■ **REQUIRED ACTION**:
Omit the pictures. Transcribe exactly the lines below, from the one with "Зефир Наливаем 500" up to and including the last.

■ **PROVIDED MATERIAL**:
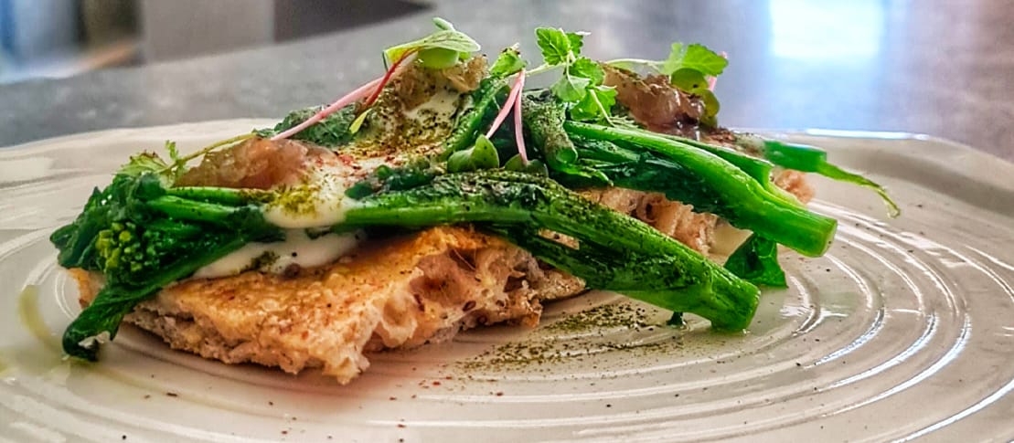 Fondamentale anche la fedeltà ai principi della sostenibilità, tema caro a Chic con Chic Respect, l’associazione alla quale entrambi i professionisti appartengono: “Non buttiamo nulla e valorizziamo la parte esterna della cipolla realizziamo una polvere che addizioniamo ai friarielli aggiungendo anche lattuga di mare, di nuovo a richiamare le nostre origini.” Sul tema della sostenibilità anche Paolo ricorda come si tratti di un termine che definisce qualcosa che accadeva già nel passato: “è la tradizione a ricordarci i concetti di sostenibilità e rispetto per l’ambiente. C’era già nella cultura contadina prima del nome nelle ricette di una volta dove nulla andava sprecato.
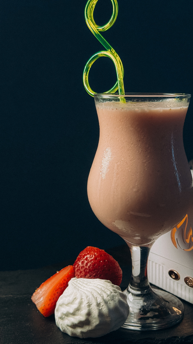 Зефир Наливаем 500 мл кефира . К нему замороженную клубнику . Затем зефир ( сладость регулируем зефиром - чем больше тем слаже ) . Пробиваем блендером до однородной массы . Ваш коктейль готов !
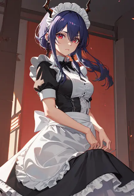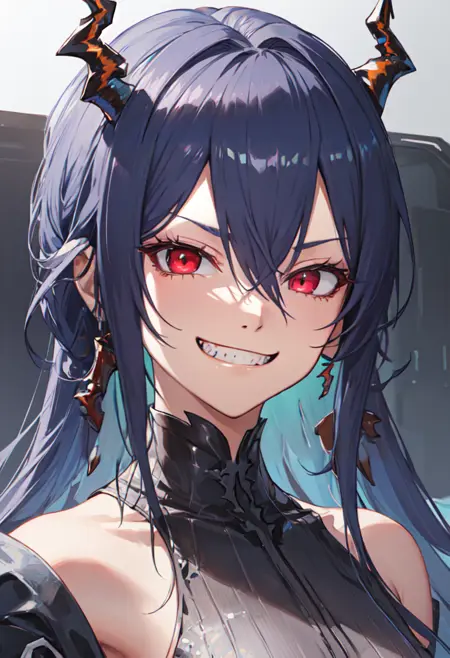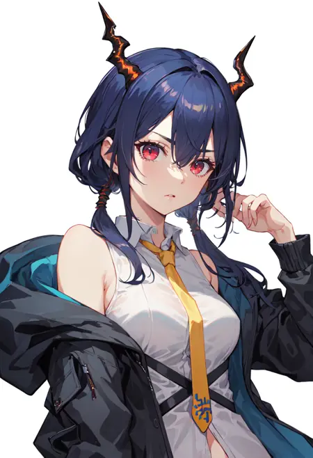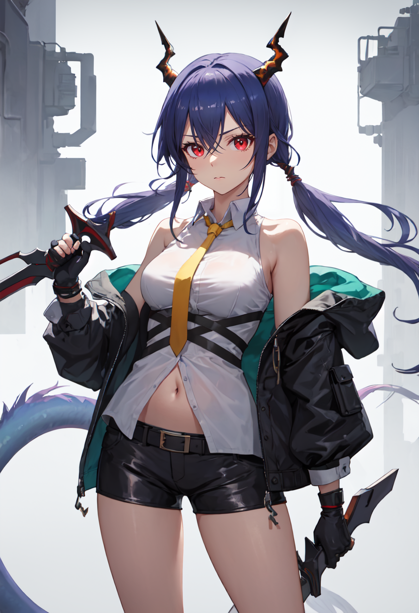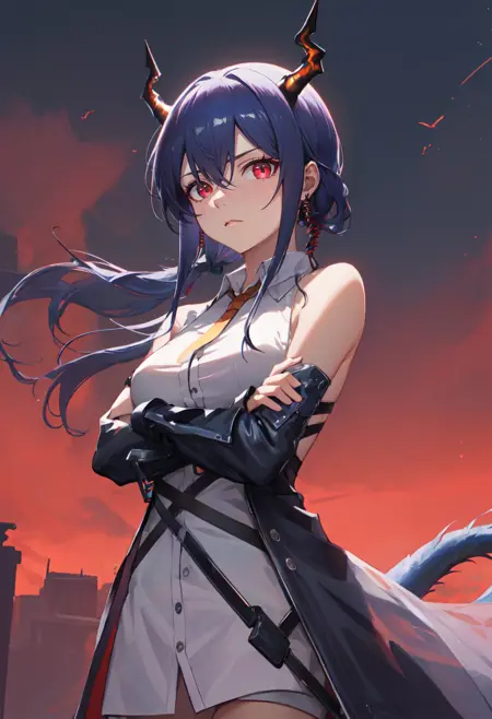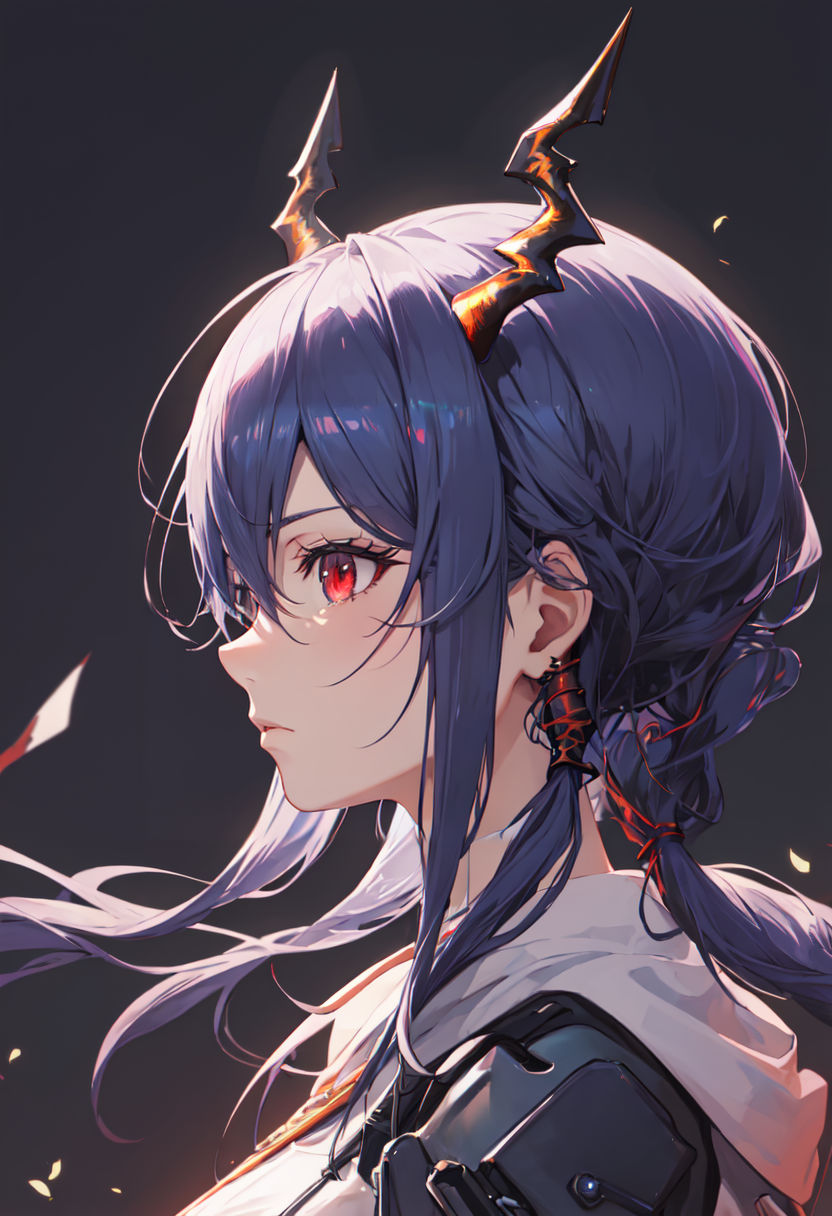- The pruned character tags are horns, blue hair, dragon horns, long hair, red eyes, hair between eyes, breasts, dragon tail, tail, medium breasts, twintails, sidelocks. You can add them into prompts when core features (e.g. hair color) of character is not so stable.

■ **WRITTEN ANSWER**:
 Зефир Наливаем 500 мл кефира . К нему замороженную клубнику . Затем зефир ( сладость регулируем зефиром - чем больше тем слаже ) . Пробиваем блендером до однородной массы . Ваш коктейль готов !
- The pruned character tags are horns, blue hair, dragon horns, long hair, red eyes, hair between eyes, breasts, dragon tail, tail, medium breasts, twintails, sidelocks. You can add them into prompts when core features (e.g. hair color) of character is not so stable.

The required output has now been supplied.